- WHAT IS REQUIRED: What is needed is an exact copy of the lines in the entries below from the one holding "Huomioitavaa: ei hissiä." through the one holding "- 4K UHD + 2K", pictures excluded.

- ENTRIES SUPPLIED:
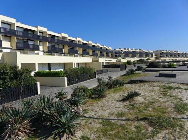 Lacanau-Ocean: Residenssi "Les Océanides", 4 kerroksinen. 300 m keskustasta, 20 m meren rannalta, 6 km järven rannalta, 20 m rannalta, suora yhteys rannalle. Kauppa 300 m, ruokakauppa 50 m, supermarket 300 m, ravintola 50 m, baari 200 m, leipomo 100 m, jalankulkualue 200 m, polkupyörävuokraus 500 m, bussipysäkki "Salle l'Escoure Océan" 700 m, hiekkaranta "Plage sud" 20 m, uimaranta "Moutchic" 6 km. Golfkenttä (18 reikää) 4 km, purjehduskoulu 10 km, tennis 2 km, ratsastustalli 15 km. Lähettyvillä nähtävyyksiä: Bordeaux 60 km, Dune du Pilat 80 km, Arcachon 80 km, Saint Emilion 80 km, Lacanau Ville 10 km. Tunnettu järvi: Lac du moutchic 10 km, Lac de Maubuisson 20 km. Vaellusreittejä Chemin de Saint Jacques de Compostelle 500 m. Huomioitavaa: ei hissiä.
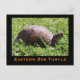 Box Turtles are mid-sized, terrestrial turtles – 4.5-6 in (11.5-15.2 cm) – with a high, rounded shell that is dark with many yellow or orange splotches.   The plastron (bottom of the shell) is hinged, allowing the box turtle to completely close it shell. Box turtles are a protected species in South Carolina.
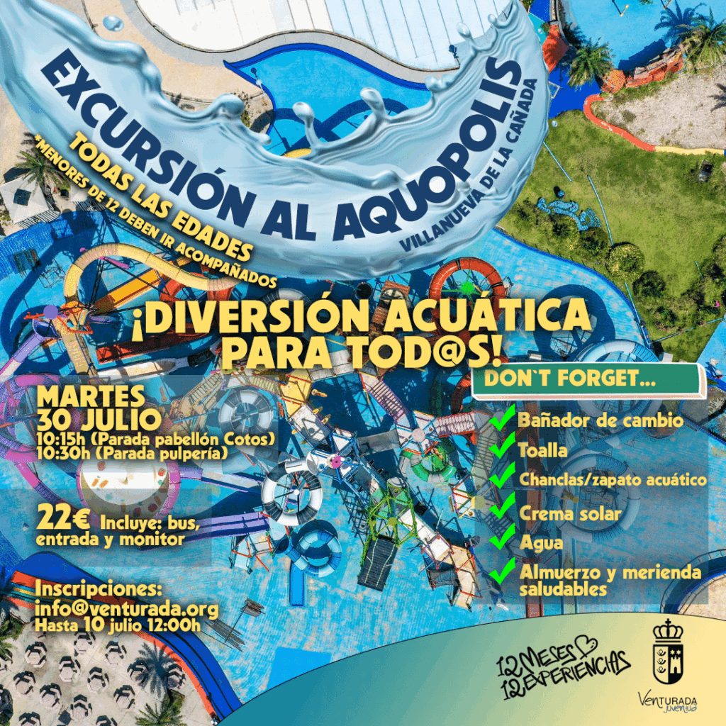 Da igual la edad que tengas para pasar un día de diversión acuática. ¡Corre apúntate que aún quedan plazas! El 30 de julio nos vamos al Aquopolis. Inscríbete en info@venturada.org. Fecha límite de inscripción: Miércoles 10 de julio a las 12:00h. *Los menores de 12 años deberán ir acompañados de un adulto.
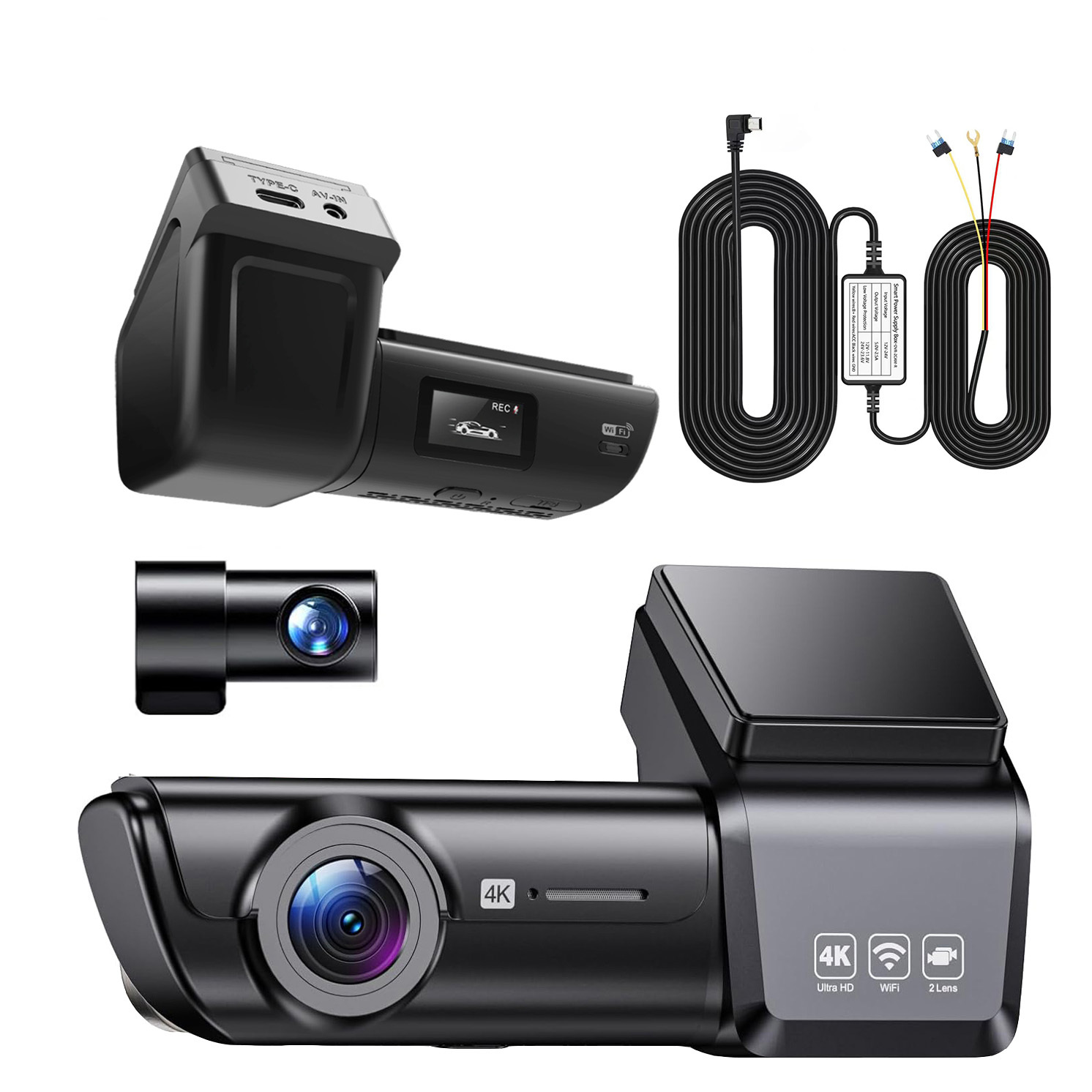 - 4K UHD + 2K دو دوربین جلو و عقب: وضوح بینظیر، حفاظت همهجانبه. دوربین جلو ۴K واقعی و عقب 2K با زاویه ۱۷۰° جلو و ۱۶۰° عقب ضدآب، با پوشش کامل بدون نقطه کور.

---

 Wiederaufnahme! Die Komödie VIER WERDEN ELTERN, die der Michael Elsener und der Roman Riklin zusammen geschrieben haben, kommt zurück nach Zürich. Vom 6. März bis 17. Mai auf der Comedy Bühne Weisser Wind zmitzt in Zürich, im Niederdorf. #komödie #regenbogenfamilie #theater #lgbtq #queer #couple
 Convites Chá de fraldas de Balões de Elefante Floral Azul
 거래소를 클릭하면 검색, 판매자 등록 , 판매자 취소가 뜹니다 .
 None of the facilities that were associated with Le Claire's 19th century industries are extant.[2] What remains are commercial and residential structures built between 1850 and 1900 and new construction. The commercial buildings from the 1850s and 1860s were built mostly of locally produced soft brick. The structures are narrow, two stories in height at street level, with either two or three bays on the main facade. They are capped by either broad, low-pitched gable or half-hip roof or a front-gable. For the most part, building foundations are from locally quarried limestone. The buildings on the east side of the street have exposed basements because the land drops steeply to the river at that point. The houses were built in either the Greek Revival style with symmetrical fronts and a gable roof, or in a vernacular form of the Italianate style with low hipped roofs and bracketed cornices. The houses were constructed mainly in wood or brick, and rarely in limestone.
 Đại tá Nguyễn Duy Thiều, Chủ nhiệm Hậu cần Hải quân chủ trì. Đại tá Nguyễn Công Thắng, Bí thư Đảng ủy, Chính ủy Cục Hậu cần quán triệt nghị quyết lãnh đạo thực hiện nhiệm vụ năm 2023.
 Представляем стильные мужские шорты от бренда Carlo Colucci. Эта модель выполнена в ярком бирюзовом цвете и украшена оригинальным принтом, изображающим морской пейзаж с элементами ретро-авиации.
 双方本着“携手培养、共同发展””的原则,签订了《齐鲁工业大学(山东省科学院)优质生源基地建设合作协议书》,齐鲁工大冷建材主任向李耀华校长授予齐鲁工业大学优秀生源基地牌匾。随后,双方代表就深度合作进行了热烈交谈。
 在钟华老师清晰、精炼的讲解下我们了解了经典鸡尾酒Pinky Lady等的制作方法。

* * *

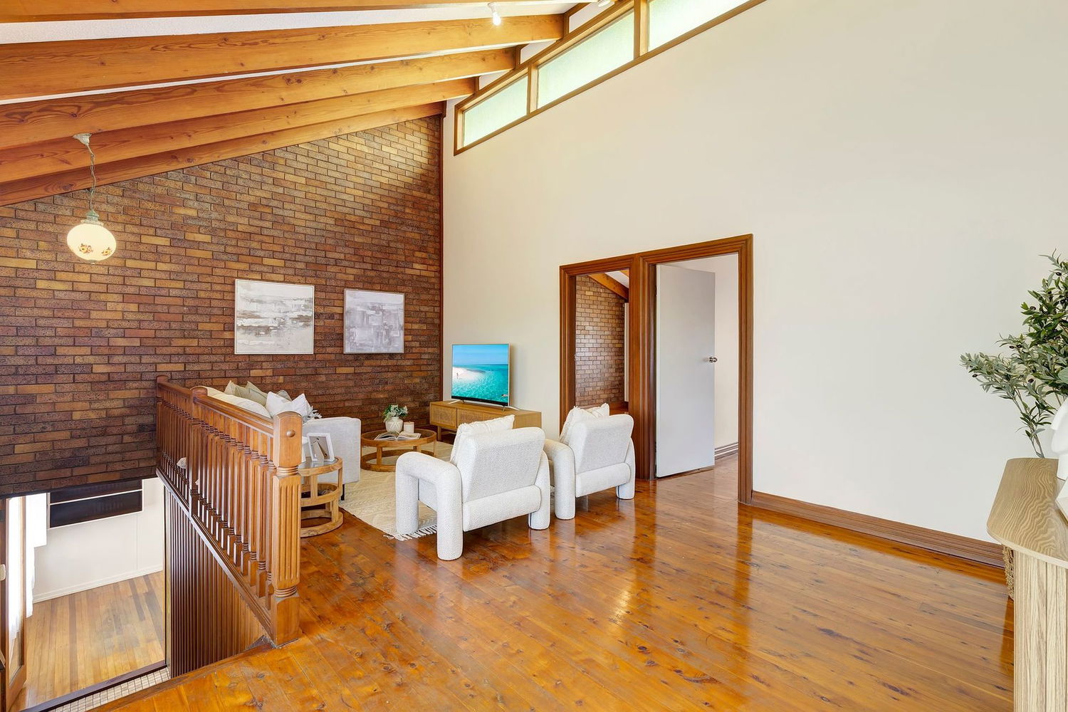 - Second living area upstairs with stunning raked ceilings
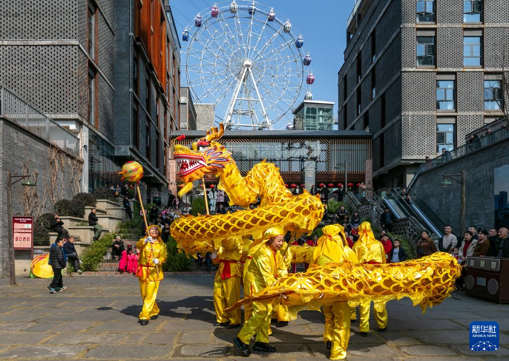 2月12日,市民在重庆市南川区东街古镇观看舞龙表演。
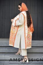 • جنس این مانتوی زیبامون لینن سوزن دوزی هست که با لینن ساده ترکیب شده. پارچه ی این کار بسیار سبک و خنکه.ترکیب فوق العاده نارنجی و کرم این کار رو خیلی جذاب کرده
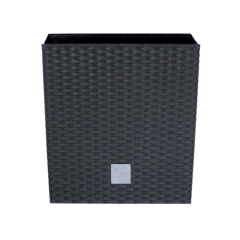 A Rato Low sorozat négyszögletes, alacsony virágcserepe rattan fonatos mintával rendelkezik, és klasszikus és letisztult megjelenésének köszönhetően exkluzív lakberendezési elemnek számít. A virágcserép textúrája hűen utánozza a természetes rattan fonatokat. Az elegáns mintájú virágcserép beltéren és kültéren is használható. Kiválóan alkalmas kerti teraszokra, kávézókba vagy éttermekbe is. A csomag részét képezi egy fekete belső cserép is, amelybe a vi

- ANSWER:
 Lacanau-Ocean: Residenssi "Les Océanides", 4 kerroksinen. 300 m keskustasta, 20 m meren rannalta, 6 km järven rannalta, 20 m rannalta, suora yhteys rannalle. Kauppa 300 m, ruokakauppa 50 m, supermarket 300 m, ravintola 50 m, baari 200 m, leipomo 100 m, jalankulkualue 200 m, polkupyörävuokraus 500 m, bussipysäkki "Salle l'Escoure Océan" 700 m, hiekkaranta "Plage sud" 20 m, uimaranta "Moutchic" 6 km. Golfkenttä (18 reikää) 4 km, purjehduskoulu 10 km, tennis 2 km, ratsastustalli 15 km. Lähettyvillä nähtävyyksiä: Bordeaux 60 km, Dune du Pilat 80 km, Arcachon 80 km, Saint Emilion 80 km, Lacanau Ville 10 km. Tunnettu järvi: Lac du moutchic 10 km, Lac de Maubuisson 20 km. Vaellusreittejä Chemin de Saint Jacques de Compostelle 500 m. Huomioitavaa: ei hissiä.
 Box Turtles are mid-sized, terrestrial turtles – 4.5-6 in (11.5-15.2 cm) – with a high, rounded shell that is dark with many yellow or orange splotches.   The plastron (bottom of the shell) is hinged, allowing the box turtle to completely close it shell. Box turtles are a protected species in South Carolina.
 Da igual la edad que tengas para pasar un día de diversión acuática. ¡Corre apúntate que aún quedan plazas! El 30 de julio nos vamos al Aquopolis. Inscríbete en info@venturada.org. Fecha límite de inscripción: Miércoles 10 de julio a las 12:00h. *Los menores de 12 años deberán ir acompañados de un adulto.
 - 4K UHD + 2K دو دوربین جلو و عقب: وضوح بینظیر، حفاظت همهجانبه. دوربین جلو ۴K واقعی و عقب 2K با زاویه ۱۷۰° جلو و ۱۶۰° عقب ضدآب، با پوشش کامل بدون نقطه کور.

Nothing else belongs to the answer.